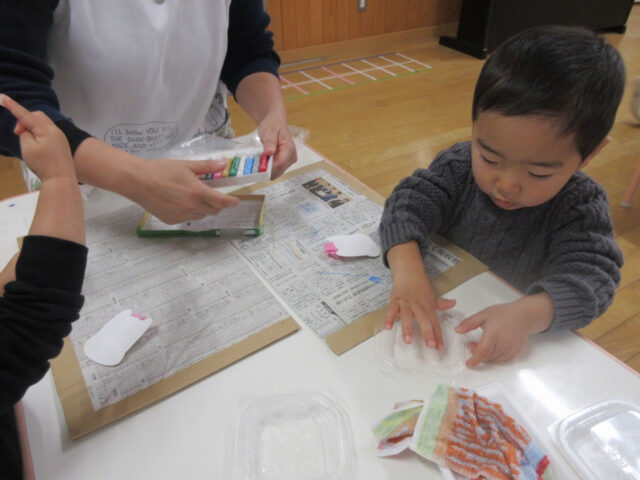 いちご組さんは、来年の干支の馬が飾られた鏡餅の製作。
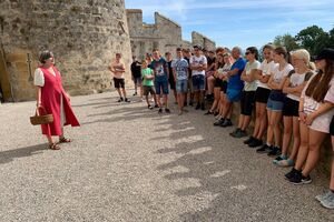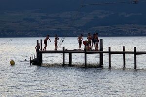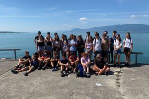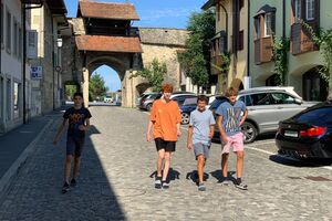 Heute ging es schon sehr früh aufs Velo, denn wir hatten 60km Weg vor uns. Wir gingen nämlich das Schloss Grandson besichtigen. Und los ging die Fahrt. Am Morgen war das Wetter noch angenehm kühl, doch dies änderte sich schnell und es wurde erdrückend warm. Wir fuhren 1.5 Stunden dem See entlang und machten dann die erste Pause. Wir genossen einen Znüni am See und nach 15 Minuten ging es dann weiter Richtung Grandson. Auch diese restlichen Kilometer meisterten wir, ohne zu jammern. Dort angekommen begrüsste und eine nette «Schlossmagd», welche uns mit viel Freude und Motivation durch das Schloss führte. Es gab viel Eindrückliches zu sehen und schon war diese auch vorbei. Danach konnten wir es uns unter einer Linde bequem machen und unser Mittagessen verzehren. Da wir noch vieles vorhatten mussten wir weiterfahren und gingen dann die kleine Stadt Yverdon-les-Bains erkundigen. Dort tauchte plötzlich unser Hauptlehrer auf, welcher im Rahmen der Intensivweiterbildung einen Aufenthalt im Welschland machte. Herr Chaziparaskevas kam auch am nächsten Tag zum Schlussabend nochmals vorbei. Die Zeit verging und wir schnappten uns unsere Velos zum dritten Mal und fuhren zurück. Auf dem Weg besuchten wir noch ein Naturschutzgebiet und sahen viele Tiere. Nachdem wir viel gelernt hatten, waren wir alle sehr müde. Doch es war so warm, dass ein Sprung in den See nicht fehlen durfte. Nach dem Baden gab es wieder ein leckeres Nachtessen und dann war schon bald Nachtruhe angesagt.
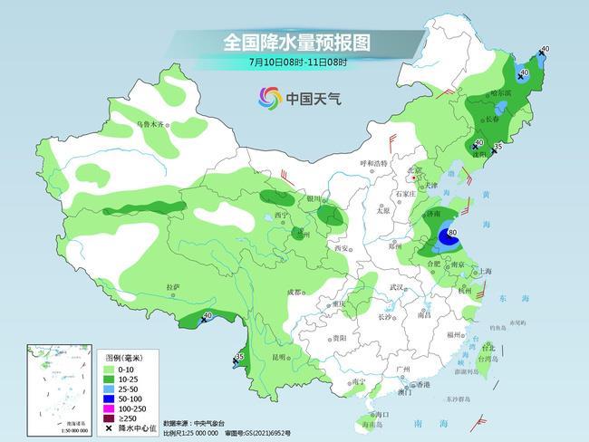 其中今天,黑龍江中東部、吉林、遼寧東北部、山東中南部、江蘇北部、安徽北部、云南西部、西藏東南部等地的部分地區(qū)有中到大雨,其中,山東東南部、江蘇北部等地局地有暴雨(50~80毫米)。

### [Your objective]
Repeat the data verbatim through the "Heute ging es" line, no pictures.

### [Solution to the problem]
 いちご組さんは、来年の干支の馬が飾られた鏡餅の製作。
 Heute ging es schon sehr früh aufs Velo, denn wir hatten 60km Weg vor uns. Wir gingen nämlich das Schloss Grandson besichtigen. Und los ging die Fahrt. Am Morgen war das Wetter noch angenehm kühl, doch dies änderte sich schnell und es wurde erdrückend warm. Wir fuhren 1.5 Stunden dem See entlang und machten dann die erste Pause. Wir genossen einen Znüni am See und nach 15 Minuten ging es dann weiter Richtung Grandson. Auch diese restlichen Kilometer meisterten wir, ohne zu jammern. Dort angekommen begrüsste und eine nette «Schlossmagd», welche uns mit viel Freude und Motivation durch das Schloss führte. Es gab viel Eindrückliches zu sehen und schon war diese auch vorbei. Danach konnten wir es uns unter einer Linde bequem machen und unser Mittagessen verzehren. Da wir noch vieles vorhatten mussten wir weiterfahren und gingen dann die kleine Stadt Yverdon-les-Bains erkundigen. Dort tauchte plötzlich unser Hauptlehrer auf, welcher im Rahmen der Intensivweiterbildung einen Aufenthalt im Welschland machte. Herr Chaziparaskevas kam auch am nächsten Tag zum Schlussabend nochmals vorbei. Die Zeit verging und wir schnappten uns unsere Velos zum dritten Mal und fuhren zurück. Auf dem Weg besuchten wir noch ein Naturschutzgebiet und sahen viele Tiere. Nachdem wir viel gelernt hatten, waren wir alle sehr müde. Doch es war so warm, dass ein Sprung in den See nicht fehlen durfte. Nach dem Baden gab es wieder ein leckeres Nachtessen und dann war schon bald Nachtruhe angesagt.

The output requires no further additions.